In plant pathogens, there is also evidence to suggest that phage-mediated selection might alter the infectivity and/or virulence of bacterial pathogens. Phages infecting the bacterium, Erwinia amylovora, were found to be most efficient at infecting strains that produced either high or low levels of exopolysaccharides (depending on the phage family examined), suggesting strong and context-dependent selection on a trait that is also known to play a key role in virulence on the plant host (Roach et al., 2013). Furthermore, Hosseinidoust et al. (2013) found that in tissue culture, phage-resistant variants of Pseudomonas aeruginosa actually secrete higher levels of virulence factors and caused more damage to cultured mammalian cells. With no general pattern yet emerging, phage-mediated attenuation of virulence seems hard to predict and certainly not guaranteed. It is possible that a bacterial pathogen could evolve resistance to a phage therapy product and maintain or even attain high virulence levels. Furthermore, the role of compensatory mutations to phage resistance is unknown; in the case of antibiotics such mutations can rapidly ameliorate the costs paid for resistance (Levin et al., 2000; Brandis and Hughes, 2013) and the same may be true of resistance to phages. If this turns out to be the case, phage therapy treatments that rely on the loss of costly resistance (or interactions among costly mutations to multiple phages) will be at constant risk of bacterial escape.
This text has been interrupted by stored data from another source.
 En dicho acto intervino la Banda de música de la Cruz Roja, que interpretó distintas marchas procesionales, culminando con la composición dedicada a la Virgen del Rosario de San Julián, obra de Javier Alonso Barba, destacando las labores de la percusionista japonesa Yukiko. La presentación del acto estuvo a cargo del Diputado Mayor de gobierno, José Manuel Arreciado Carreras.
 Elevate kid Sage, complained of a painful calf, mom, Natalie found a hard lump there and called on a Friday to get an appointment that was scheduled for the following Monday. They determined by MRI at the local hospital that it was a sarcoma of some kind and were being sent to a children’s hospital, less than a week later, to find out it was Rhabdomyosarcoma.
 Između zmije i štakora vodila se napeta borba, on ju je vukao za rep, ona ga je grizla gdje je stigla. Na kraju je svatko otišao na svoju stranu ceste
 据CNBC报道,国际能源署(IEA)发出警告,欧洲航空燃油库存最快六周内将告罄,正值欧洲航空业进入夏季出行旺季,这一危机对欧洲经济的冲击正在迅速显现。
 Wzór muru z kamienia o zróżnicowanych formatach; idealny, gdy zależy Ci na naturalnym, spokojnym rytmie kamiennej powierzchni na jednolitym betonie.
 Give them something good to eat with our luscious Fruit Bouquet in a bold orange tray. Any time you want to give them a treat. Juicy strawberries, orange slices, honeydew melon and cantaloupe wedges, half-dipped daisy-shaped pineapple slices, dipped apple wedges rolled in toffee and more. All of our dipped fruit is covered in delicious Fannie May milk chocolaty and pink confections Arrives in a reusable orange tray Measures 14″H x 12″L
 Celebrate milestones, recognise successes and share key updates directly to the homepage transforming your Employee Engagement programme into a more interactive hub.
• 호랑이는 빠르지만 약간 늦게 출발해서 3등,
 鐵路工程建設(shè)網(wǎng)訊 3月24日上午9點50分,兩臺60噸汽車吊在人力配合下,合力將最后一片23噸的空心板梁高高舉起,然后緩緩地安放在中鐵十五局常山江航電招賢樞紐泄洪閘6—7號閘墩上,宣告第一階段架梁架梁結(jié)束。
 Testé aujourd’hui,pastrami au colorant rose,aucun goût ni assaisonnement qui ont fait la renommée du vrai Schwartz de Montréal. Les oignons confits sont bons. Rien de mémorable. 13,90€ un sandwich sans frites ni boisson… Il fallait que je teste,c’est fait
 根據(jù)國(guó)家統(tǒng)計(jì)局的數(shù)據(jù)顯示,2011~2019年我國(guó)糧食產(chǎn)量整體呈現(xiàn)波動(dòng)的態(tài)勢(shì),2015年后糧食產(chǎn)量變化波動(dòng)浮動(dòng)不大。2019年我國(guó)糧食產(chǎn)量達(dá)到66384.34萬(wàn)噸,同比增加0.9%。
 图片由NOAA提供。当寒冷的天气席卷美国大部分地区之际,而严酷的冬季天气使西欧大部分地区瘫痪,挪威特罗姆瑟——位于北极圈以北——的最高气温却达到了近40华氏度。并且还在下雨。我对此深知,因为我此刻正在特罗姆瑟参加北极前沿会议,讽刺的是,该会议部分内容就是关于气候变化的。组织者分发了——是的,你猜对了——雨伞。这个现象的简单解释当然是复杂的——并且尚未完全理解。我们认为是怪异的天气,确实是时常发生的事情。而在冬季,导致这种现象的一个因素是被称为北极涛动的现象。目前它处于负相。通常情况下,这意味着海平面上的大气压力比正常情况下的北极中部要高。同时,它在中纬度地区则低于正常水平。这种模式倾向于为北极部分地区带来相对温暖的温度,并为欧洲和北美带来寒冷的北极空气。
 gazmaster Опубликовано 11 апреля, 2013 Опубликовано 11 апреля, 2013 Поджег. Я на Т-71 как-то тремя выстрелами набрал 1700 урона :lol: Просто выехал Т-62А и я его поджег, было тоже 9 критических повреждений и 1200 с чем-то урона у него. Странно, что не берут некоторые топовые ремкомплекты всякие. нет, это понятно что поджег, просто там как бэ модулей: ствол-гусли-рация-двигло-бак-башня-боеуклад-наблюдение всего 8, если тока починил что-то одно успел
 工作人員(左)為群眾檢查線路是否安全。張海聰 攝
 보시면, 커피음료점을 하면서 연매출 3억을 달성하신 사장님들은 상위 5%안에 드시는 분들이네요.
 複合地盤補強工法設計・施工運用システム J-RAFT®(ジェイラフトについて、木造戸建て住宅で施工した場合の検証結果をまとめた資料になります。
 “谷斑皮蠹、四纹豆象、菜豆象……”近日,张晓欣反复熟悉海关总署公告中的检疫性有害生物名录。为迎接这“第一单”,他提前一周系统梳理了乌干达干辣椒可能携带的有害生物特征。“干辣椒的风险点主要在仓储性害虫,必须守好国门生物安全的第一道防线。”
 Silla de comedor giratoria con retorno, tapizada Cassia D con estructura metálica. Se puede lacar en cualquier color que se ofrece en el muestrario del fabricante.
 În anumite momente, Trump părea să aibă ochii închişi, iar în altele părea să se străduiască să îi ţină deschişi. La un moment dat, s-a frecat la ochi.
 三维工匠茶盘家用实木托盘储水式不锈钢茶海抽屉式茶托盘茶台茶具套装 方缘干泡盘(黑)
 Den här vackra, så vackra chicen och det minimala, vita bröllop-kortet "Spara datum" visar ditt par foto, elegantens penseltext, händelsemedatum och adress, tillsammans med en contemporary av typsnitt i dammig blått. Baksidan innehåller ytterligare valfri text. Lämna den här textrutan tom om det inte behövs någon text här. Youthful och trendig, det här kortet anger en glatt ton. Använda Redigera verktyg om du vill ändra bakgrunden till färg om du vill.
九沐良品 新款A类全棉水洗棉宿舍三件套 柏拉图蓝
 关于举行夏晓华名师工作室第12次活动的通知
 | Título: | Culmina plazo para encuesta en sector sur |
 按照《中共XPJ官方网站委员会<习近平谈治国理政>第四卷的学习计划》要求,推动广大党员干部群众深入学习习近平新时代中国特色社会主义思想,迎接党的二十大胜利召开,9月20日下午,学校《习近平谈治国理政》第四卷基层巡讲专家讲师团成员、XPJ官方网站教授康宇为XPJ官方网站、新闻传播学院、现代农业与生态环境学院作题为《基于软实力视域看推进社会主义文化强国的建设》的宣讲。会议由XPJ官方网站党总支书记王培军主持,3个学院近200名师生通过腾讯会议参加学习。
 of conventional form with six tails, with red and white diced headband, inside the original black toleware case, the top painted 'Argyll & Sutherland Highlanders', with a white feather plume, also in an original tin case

Increasing Horizontal Gene Flow Through Phage Application
In addition to the direct effects of phage application on the densities and relative frequencies of bacterial pathogens, we must also be aware of the potential dangers of phage-mediated horizontal gene transfer (HGT) among pathogenic and non-pathogenic bacterial species. This is particularly relevant as HGT is an important driver of antibiotic resistance evolution (Courvalin, 1994). Given that phages facilitate horizontal gene flow through the process of transduction and that beta-lactam resistance genes have been isolated from environmental phage genomes (Colomer-Lluch et al., 2011), there is clear need to be cautious in our application of phages in the environment. Moreover it has recently been shown that antibiotic treatment itself expands the number of genes that confer drug resistance in phage metagenomes (Modi et al., 2013). Environmental perturbation with antibiotics also expanded the ecological network of phages, suggesting that drug treatment selects for greater phage-mediated transfer of resistance genes (Modi et al., 2013). Finally, antibiotic treatment of swine increased the induction of prophage – another key mechanism of HGT (Allen et al., 2011).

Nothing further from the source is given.